In Workday la sicurezza è integrata in tutto ciò che facciamo. Per garantire la sicurezza e la riservatezza dei dati dei clienti, garantiamo i meccanismi di protezione più avanzati e monitoriamo continuamente il nostro sistema affinché i dati più sensibili siano protetti 24 ore su 24, 7 giorni su 7 nel cloud.
La massima priorità di Workday è garantire la sicurezza dei dati dei clienti. Adottiamo rigorose misure di sicurezza a livello aziendale, architetturale e operativo per proteggere costantemente dati, applicazioni e infrastruttura.
La sicurezza inizia sin dal primo giorno. Tutti i dipendenti seguono corsi di formazione su sicurezza, riservatezza e conformità non appena vengono assunti e sebbene la misura del loro coinvolgimento vari a seconda del ruolo ricoperto, in Workday la sicurezza è considerata una responsabilità di tutti.
Questo impegno a favore della sicurezza si estende ai nostri dirigenti. Il Workday Security Council, un comitato di dirigenti che ricoprono funzioni aziendali diverse, delinea i nostri programmi per la sicurezza, favorisce l'allineamento di tutti i manager dell'azienda e si adopera per sensibilizzare l'intero organico sull'importanza della sicurezza.

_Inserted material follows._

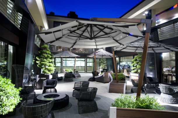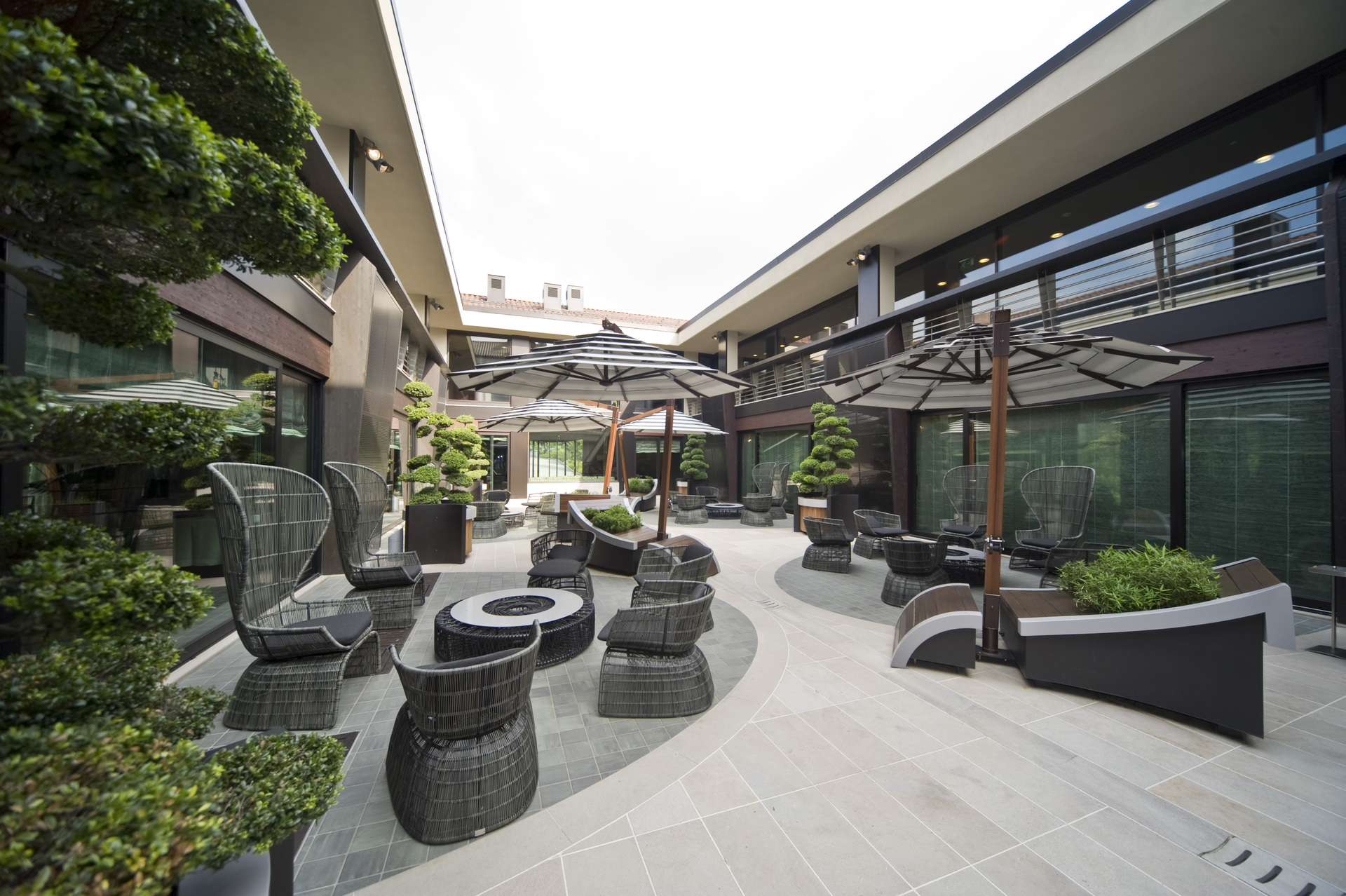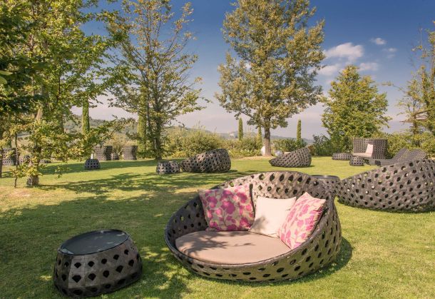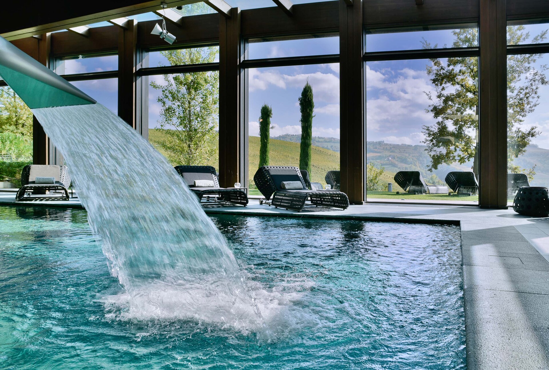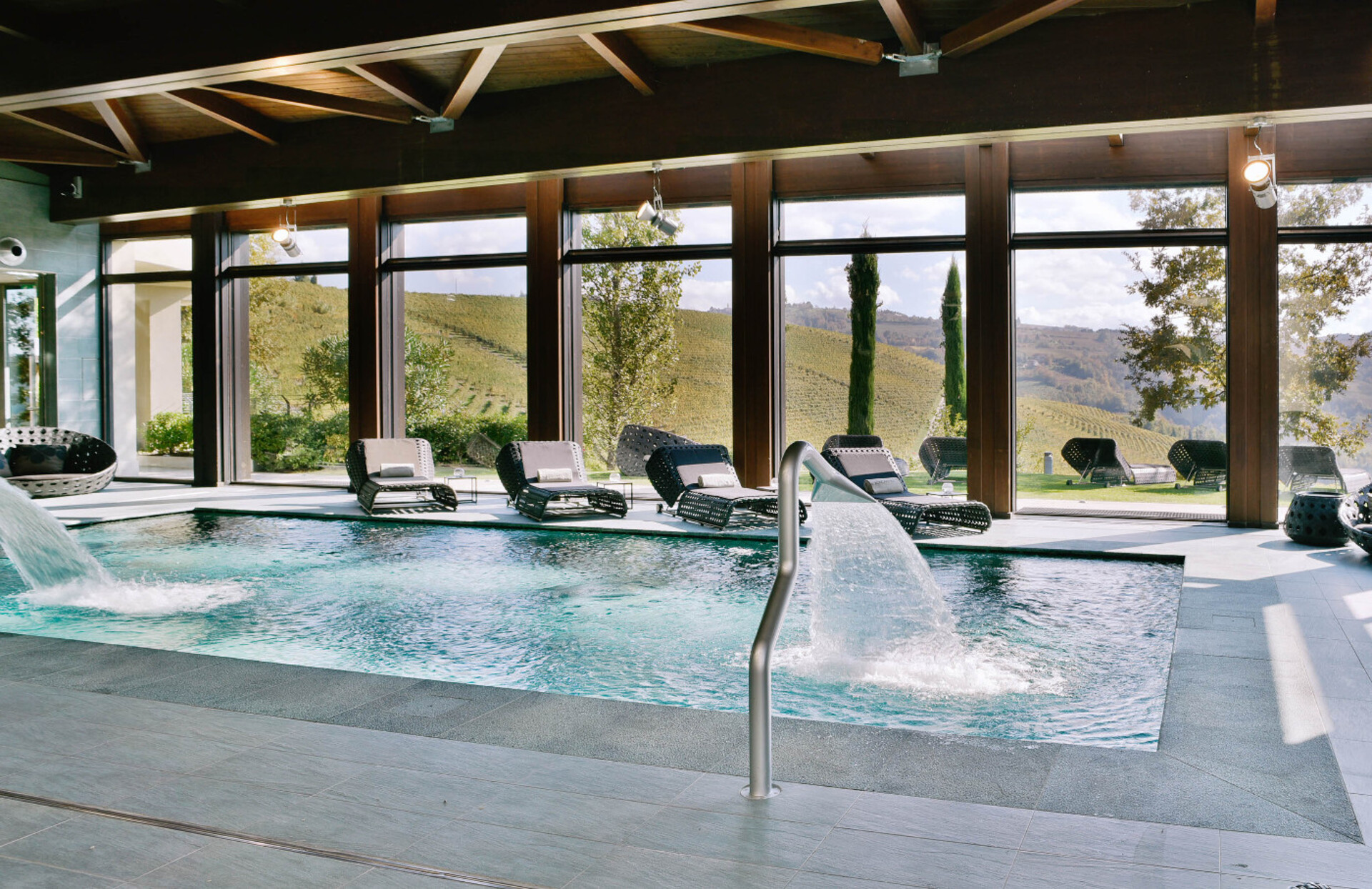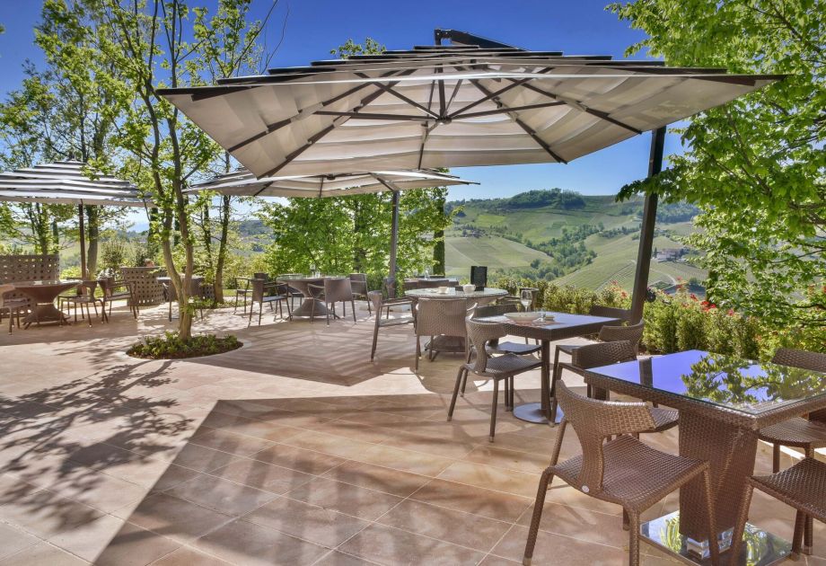 Sita nel cuore delle Langhe, circondata da ettari di vigneti, la struttura ricettiva del Boscareto Resort si articola e si amalgama con il vero protagonista del territorio: il parco circostante.

I nostri clienti fungono da titolari del trattamento dei dati, mentre Workday ricopre il ruolo di responsabile del trattamento. Ciò significa che il cliente mantiene il pieno controllo dei dati inseriti nei nostri servizi, oltre che delle impostazioni e configurazioni. Poiché rimane titolare dei propri dati, mentre Workday si occupa esclusivamente del loro trattamento, il cliente non ha bisogno di richiedere alcun intervento per svolgere normali attività quotidiane quali:
Una caratteristica fondamentale del design di Workday è che crittografiamo ogni attributo dei dati del cliente prima di salvarlo in modo permanente in qualsiasi database. Poiché Workday è un'applicazione orientata agli oggetti in-memory e non un'applicazione RDBMS basata su disco, siamo in grado di raggiungere il massimo livello di crittografia utilizzando l'algoritmo AES (Advanced Encryption Standard) con una chiave a 256 bit univoca per ciascun cliente.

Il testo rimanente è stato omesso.